Chapter 4 Flashcards
Bivariate Data
Bivariate data consists of two variables that are related.
It is best represented using a scatter diagram.
Independent and Dependent Variables
Independent variable (explanatory variable): The variable that is controlled or chosen (plotted on the x-axis).
Dependent variable (response variable): The variable that is measured (plotted on the y-axis).
Scatter Diagrams
Each cross (point) represents a data pair.
Helps identify correlation trends between two variables.
Types of Correlation
Strong Positive Correlation: As x increases, y also increases.
Weak Positive Correlation: y increases as x increases, but not as strongly.
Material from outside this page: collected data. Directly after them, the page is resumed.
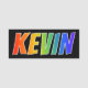 This fun, vibrant, multicolored name tag design features the common first name "KEVIN", with the letters of the name having a colourful rainbow spectrum like gradient colouring pattern, on a black coloured background. A nametag like this might be worn by an employee, a volunteer, or a customer service representative whose given name is Kevin, to help identify the wearer to customers or other people. [~Z0000344]
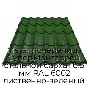 - Металлочерепица СуперМонтеррей стальной бархат 0.5 мм RAL 6002 лиственно-зелёный N4331
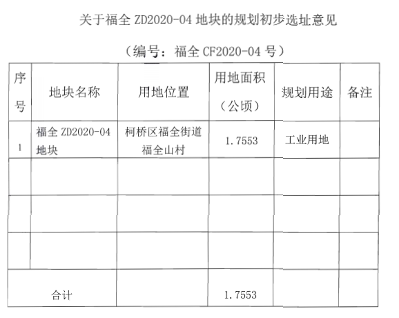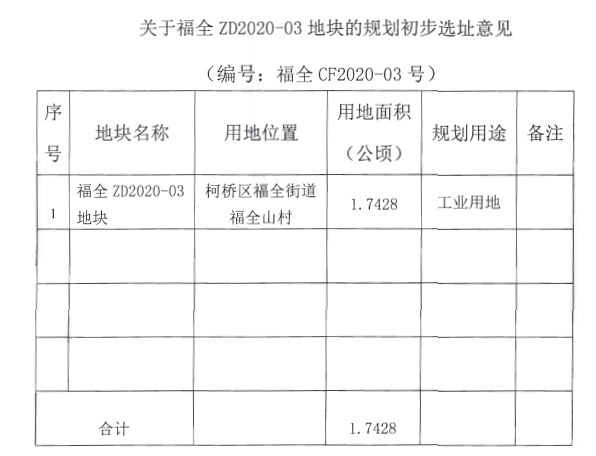征收范围:柯桥区福全街道全山村,东至福全山工业用地、西至福全山工业用地、南至福全山工业用地、北至田。拟征收柯桥区福全街道全山村农村集体所有土地1.7428公顷(26.142亩)。
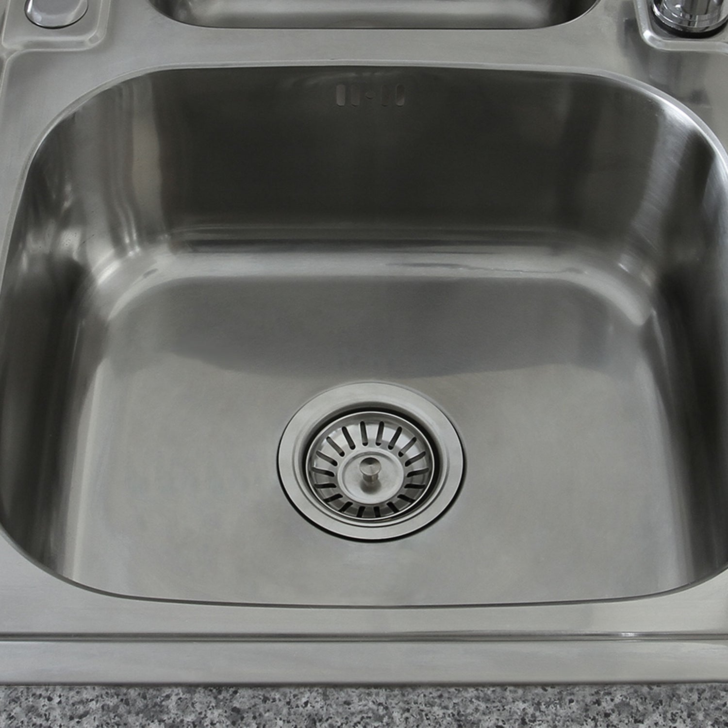 Vi inkluderar även två silproppar som silar matavfall. De behöver bara tryckas ner när du vill fylla diskhon med vatten. Dessutom tillkommer gratis vattenlås.
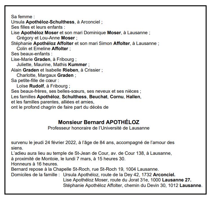 Monsieur Bernard APOTHÉLOZ 19 juil. 1937 - 24 fév. 2022 Avis mortuaire PFG Télecharger PDF Partager sur: Galerie PreviousNext PreviousNext

No Correlation: No clear pattern between x and y.
Weak Negative Correlation: y decreases slightly as x increases.
Strong Negative Correlation: As x increases, y decreases significantly.
Correlation vs Causation
Correlation does not imply causation.
Even if two variables are correlated, one does not necessarily cause the other to change.
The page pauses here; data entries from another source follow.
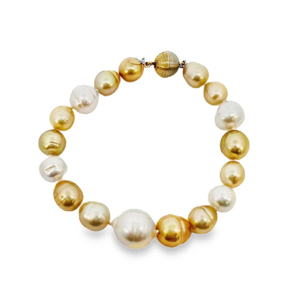McCaskill & Company Signature Collection - White and Golden South Sea Multi-Color Semi-Baroque 7" Bracelet with Sterling Silver and Gold Plated Magnetic 10mm Clasp
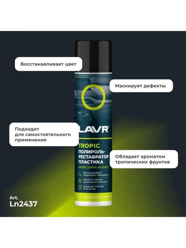Откройте для себя идеальное решение для обновления пластиковых поверхностей с полиролем-реставратором пластика Tropic от Lavr. Этот аэрозоль объемом 400 мл создан специально для ухода за пластиком, обеспечивая ему свежий и ухоженный вид. Продукт от известного бренда Lavr гарантирует высокое качество и надежность.
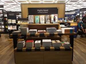 O primeiro mobiliário que recebe os clientes, assim como no site, abriga os produtos melhor avaliados pelos clientes, ou seja, aqueles com pelo menos 4,8 estrelas. É interessante notar que os livros aqui exibidos não são os best-sellers tradicionais que um cliente encontraria em uma livraria.
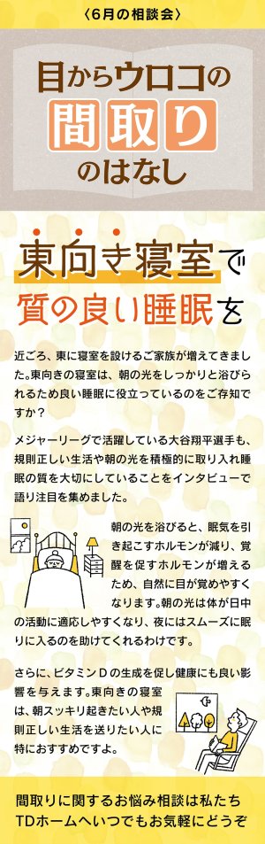 東向きの寝室は朝日を浴びやすく、体内リズムを整える効果があり快眠に役立ちます。近年、東に寝室を設ける家庭が増えています。
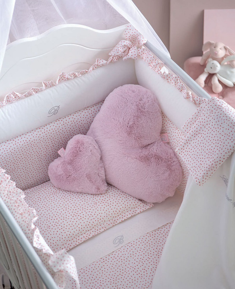 Completo copripiumino per lettino stampato su percalle di cotone con logo Blumarine in cristalli. Set 5 pezzi formato da: paracolpi lettino 205×45 cm in percalle tinta unita stampato con logo in cristalli, retro completamente stampato, imbottitura da 550 g/mq sacca 120×150 cm: parte superiore stampata su percalle, con fascia tinta unita e logo in cristalli, […]
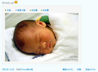 林熙蕾3日晚上在微博po出刚出生的爱女照片。图片来源:台湾《联合报》
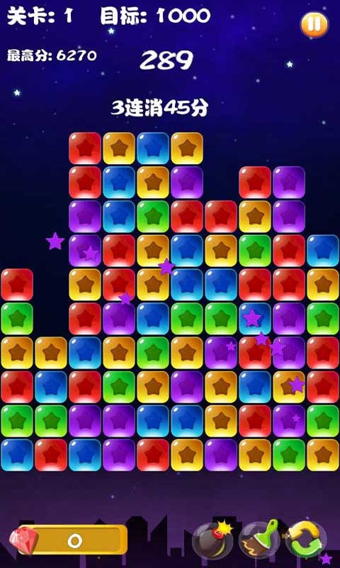 2、巧妙利用特殊星星与道具组合,通过精准操作最大化得分,收集隐藏星星激活全屏消除,预判关卡目标提前调整策略。
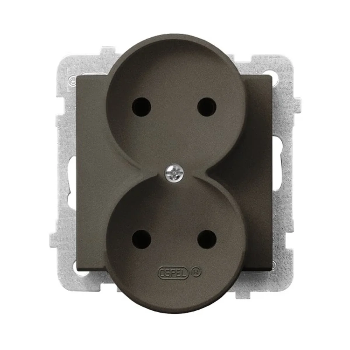 Gniazdo elektryczne podwójne, bez uziemienia, do wyposażenia w ramkę.
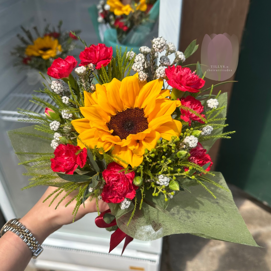 A cheerful Sunflower takes center stage in this petite table arrangement, accompanied by vivid red Carnation sprays and textured South African greens. Bright yet balanced, it brings a splash of sunshine and earthy charm to any tabletop, desk, or small corner. A compact beauty that radiates warmth, passion, and a touch of the wild.
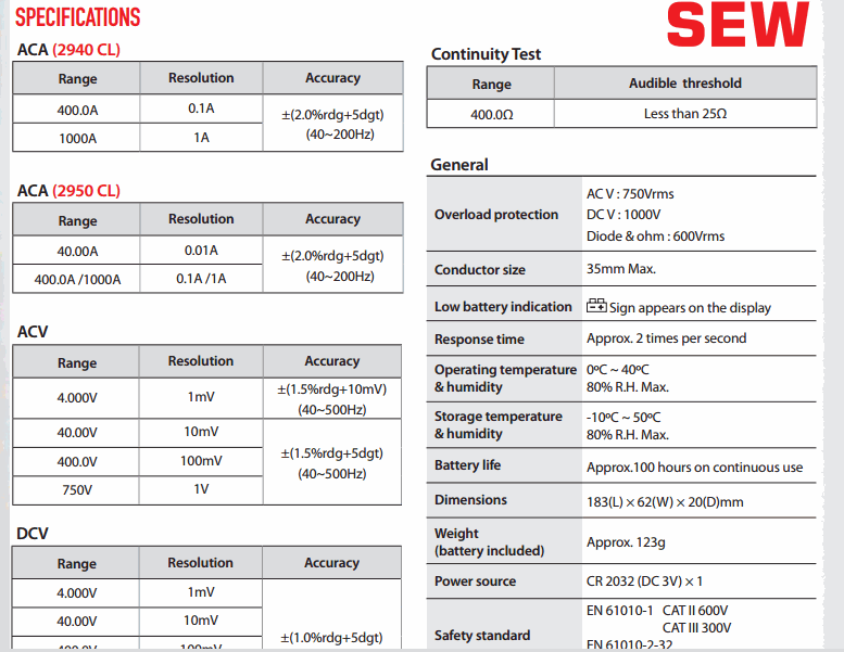 SEW 2950 CL Clamp Meter (AC 1000A) | EMIN.COM.MM
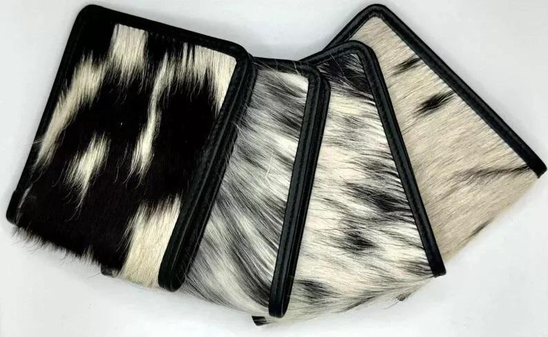 Genuine Cowhide Hair Leather Luxury Slim Wallet Card Holder Mini Folding Men's Purse for Casual Use Lipstick Bag
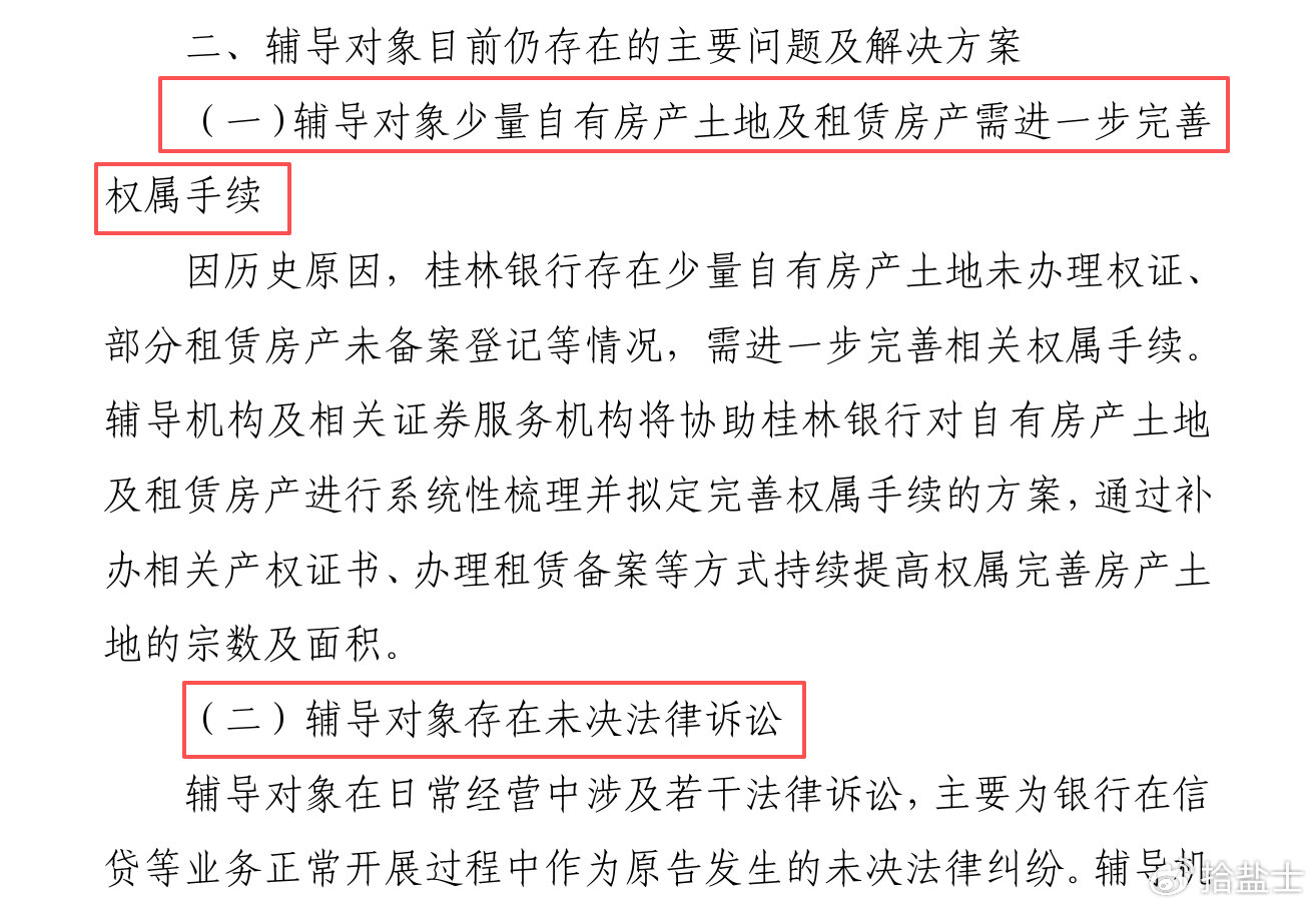 报告披露,桂林银行在2025年1-3月辅导期内存在的两大主要问题:一是因历史原因,桂林银行存在少量自有房产土地未办理权证、部分租赁房产未备案登记等情况,需进一步完善相关权属手续;二是桂林银行作为原告涉及若干未决的法律诉讼。

Always consider the context before assuming causation.
Interpreting Scatter Diagrams
When analysing scatter diagrams:
Describe the type of correlation (strong/weak, positive/negative, or none).
Identify outliers (if any).
Consider real-world context (whether correlation suggests causation).
Line of Best Fit (Least Squares Regression Line)
A line of best fit is a straight line that best represents the data.
The least squares regression line is calculated to minimise the sum of squared differences between data points and the line.
Equation of the regression line:
y=a+bx
where:
a is the y-intercept.
b is the gradient (change in y per unit of x).
Interpretation of Gradient (b) in Regression
If b > 0, y increases as x increases (positive correlation).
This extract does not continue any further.